> **Data section**:

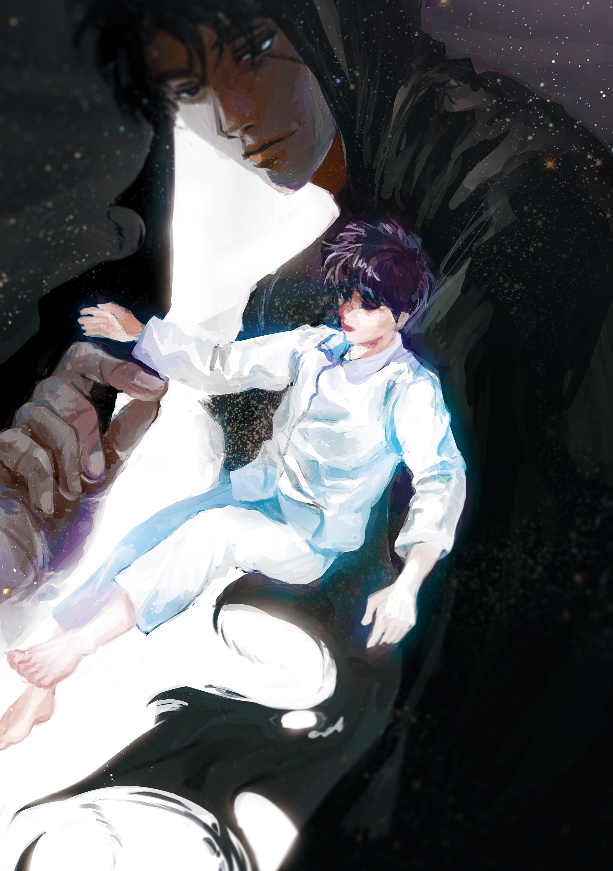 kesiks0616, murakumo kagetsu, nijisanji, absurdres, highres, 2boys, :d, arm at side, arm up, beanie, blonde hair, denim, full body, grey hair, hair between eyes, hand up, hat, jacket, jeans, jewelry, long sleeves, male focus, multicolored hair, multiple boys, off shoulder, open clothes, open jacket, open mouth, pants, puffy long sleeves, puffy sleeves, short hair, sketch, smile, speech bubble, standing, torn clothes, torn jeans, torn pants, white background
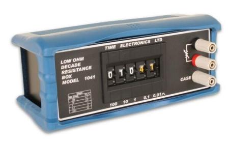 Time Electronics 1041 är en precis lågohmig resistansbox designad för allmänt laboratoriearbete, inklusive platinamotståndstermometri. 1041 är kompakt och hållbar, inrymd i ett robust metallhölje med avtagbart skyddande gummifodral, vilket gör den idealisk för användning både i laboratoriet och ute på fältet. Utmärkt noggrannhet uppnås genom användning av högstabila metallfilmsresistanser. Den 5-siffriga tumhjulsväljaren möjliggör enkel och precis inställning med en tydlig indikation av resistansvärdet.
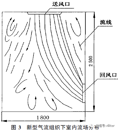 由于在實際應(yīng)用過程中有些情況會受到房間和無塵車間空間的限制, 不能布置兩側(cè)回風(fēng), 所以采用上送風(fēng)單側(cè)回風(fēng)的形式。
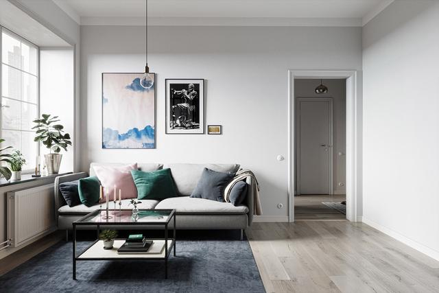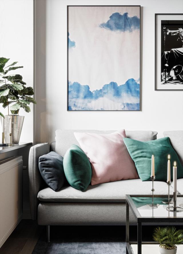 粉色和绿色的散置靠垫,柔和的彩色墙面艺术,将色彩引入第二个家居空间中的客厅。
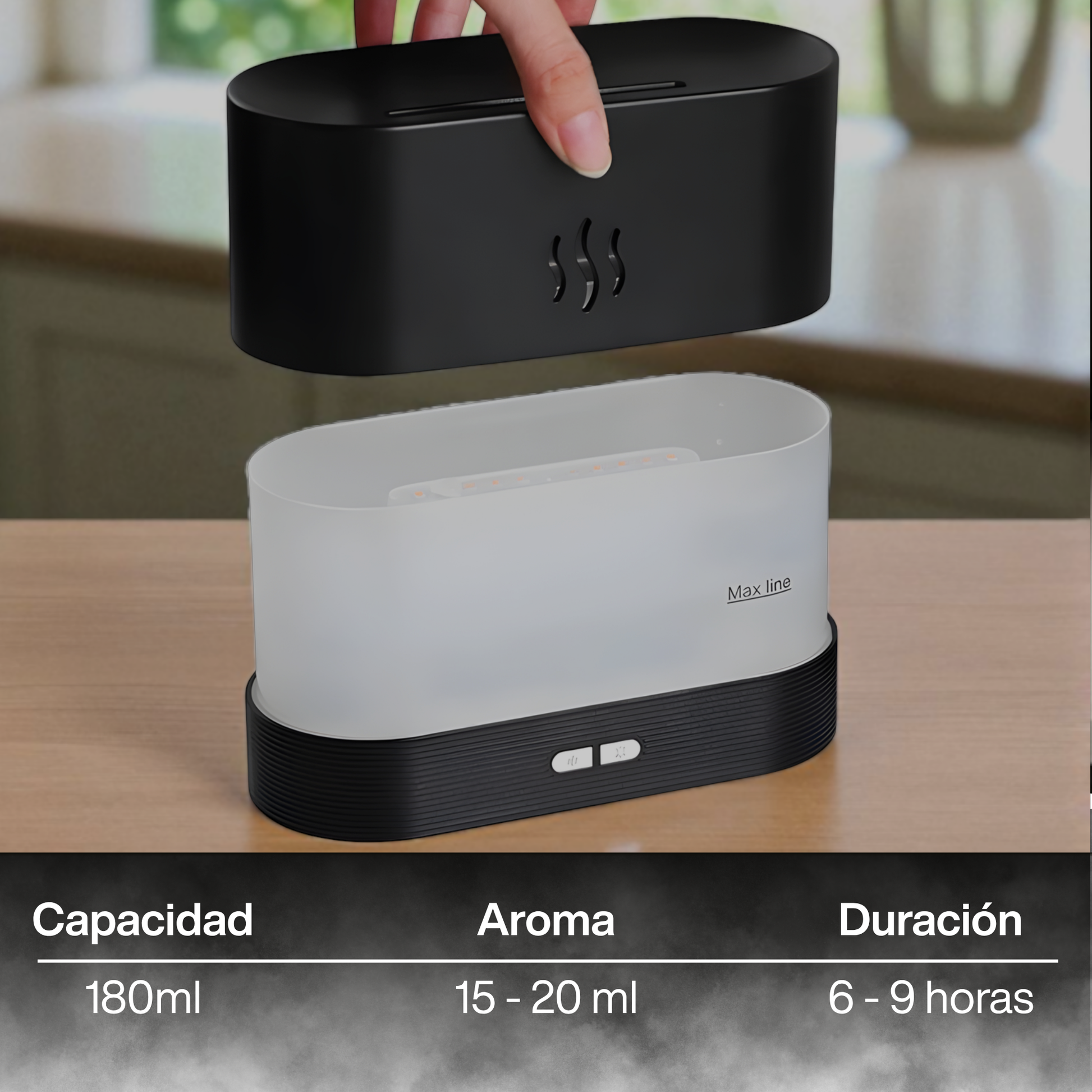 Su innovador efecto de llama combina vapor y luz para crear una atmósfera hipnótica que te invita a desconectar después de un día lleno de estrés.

> **Task to carry out**: Starting with the line that holds "粉色和绿色的散置靠垫,柔和的彩色墙面艺术,将色彩引入第二个家居空间中的客厅。", reproduce exactly each line up to and including the last line of the material above, and drop the pictures.

> **Result**:
 粉色和绿色的散置靠垫,柔和的彩色墙面艺术,将色彩引入第二个家居空间中的客厅。
 Su innovador efecto de llama combina vapor y luz para crear una atmósfera hipnótica que te invita a desconectar después de un día lleno de estrés.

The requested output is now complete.